Hacker News new | past | comments | ask | show | jobs | submit login

The problem is not that Copilot produces code that is "inspired" by GPL code, it's that it spits out GPL code verbatim.

> This can lead to some copylefted code being included in proprietary or simply not copylefted projects. And this is a violation of both the license terms and the intellectual proprety of the authors of the original code.

If the author was a human, this would be a clear violation of the licence. The AI case is no different as far as I can tell.

Edit: I'm definitely no expert on copyright law for code but my personal rule is don't include someone's copyrighted code if it can by unambiguously identified as their original work. For very small lines of code, it would be hard to identify any single original author. When it comes to whole functions it gets easier to say "actually this came from this GPL licensed project". Since Copilot can produce whole functions verbatim, this is the basis on which I state that it "would be a clear violation" of the licence. If Copilot chooses to be less concerned about violating the law than I am then that's a problem. But maybe I'm overly cautious and the GPL is more lenient than this in reality.




"The problem is not that Copilot produces code that is "inspired" by GPL code, it's that it spits out GPL code verbatim."

But only snippets as far as I can tell.

This is the codeexample linked from the author:

https://web.archive.org/web/20221017081115/https://nitter.ne...

It is still not trivial code, but are there really lot's of different ways on how to transpose matrixes?

(Also the input was "sparse matrix transpose, cs_", so his naming convention especially included. So it is questionable if a user would get his code in this shape with a normal prompt)

And just slightly changing the code seems trivial, at what point will it be acceptable?

I just don't think spending much energy there is really beneficial for anyone.

I rather see the potential benefits of AI for open source. I haven't used Copilot, but ChatGPT4 is really helpful generating small chunks of code for me, enabling me to aim higher in my goals. So what's the big harm, if also some proprietary black box gets improved, when also all the open source devs can produce with greater efficency?

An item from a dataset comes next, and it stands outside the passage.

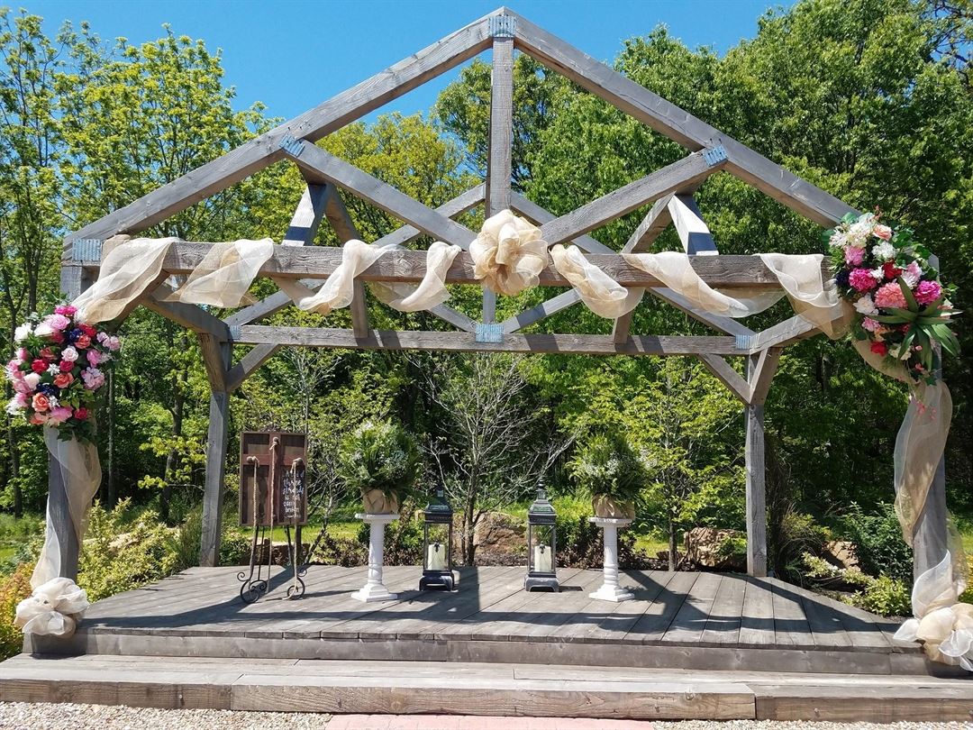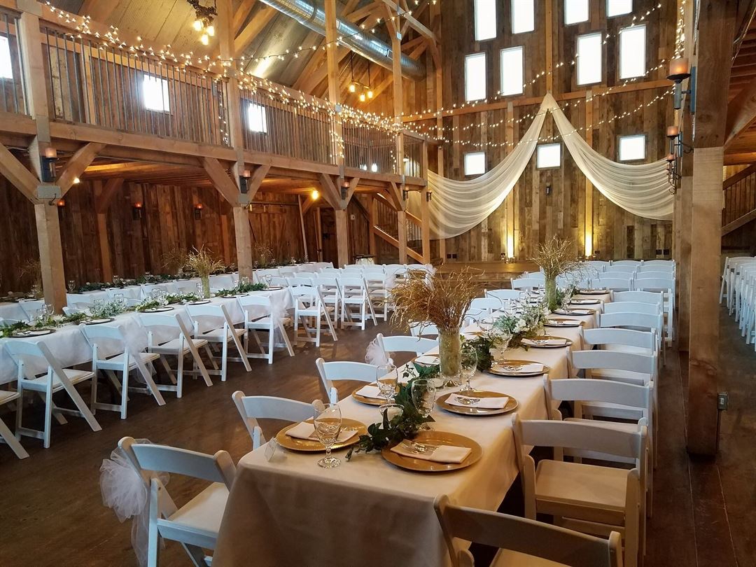 The Gambrel Barn is a new barn built to look like it has been standing for a long time... reclaimed wood adds warmth, the aged corrugated tin creates depth and a setting overlooking a valley makes The Gambrel Barn a country venue for every setting. We are a climate controlled barn thus can accommodate indoor and outdoor weddings, receptions, parties and other events every day of the year!

> (Also the input was "sparse matrix transpose, cs_", so his naming convention especially included. So it is questionable if a user would get his code in this shape with a normal prompt)

This. People seem to forget that generative AIs don't just spit out copyrighted work at random, of their own accord. You have to prompt them. And if you prompt them in such a way as to strongly hint at a specific copyrighted work you have in mind, shouldn't some of the blame really go to you? After all, it's you who supplied the missing, highly specific input, that made the AI reproduce a work from the training set.

I maintain that, if we want to make comparisons between transformer models (particularly LLMs) and humans, then the AI isn't like an adult human - it's best thought of as having a mentality of a four year old kid. That is, highly trusting, very naive. It will do its best to fulfill what you ask for, because why wouldn't it? At the point of asking, you and your query are its whole world, and it wasn't trained to distrust the user.


But this means that Microsoft is publishing a black box (Copilot) that contains GPL code.

If we think of Copilot as a (de)compression algorithm plus the compressed blob that the algorithm uses as its database, the algorithm is fine but the contents of the database pretty clearly violate GPL.


While I do believe that thinking and compression will turn out to be fundamentally the same thing, the split you propose is unclear with NN-based models. Code and data are fundamentally the same thing. The distinction we usually make between them is just a simplification, that's mostly useful but sometimes misleading. Transformer models are one of those cases where the distinction clearly doesn't make any sense.


>And if you prompt them in such a way as to strongly hint at a specific copyrighted work you have in mind, shouldn't some of the blame really go to you?

If you, not I, uploaded my GPL'ed code to Github is the blame on you then?


> If you, not I, uploaded my GPL'ed code to Github is the blame on you then?

Definitely not me - if your code is GPL'ed, then I'm legally free to upload it to Github, and to an extent even ethically - I am exercising one of my software freedoms.

(Note that even TFA recognizes this and admits it's making an ethical plea, not a legal one.)

Github using that code to train Copilot is potentially questionable. Github distributing Copilot (or access to it) is a contested issue. Copilot spitting out significant parts of GPL-ed code without attaching the license, or otherwise meeting the license conditions, is a potential problem. You incorporating that code into software you distribute is a clear-cut GPL violation.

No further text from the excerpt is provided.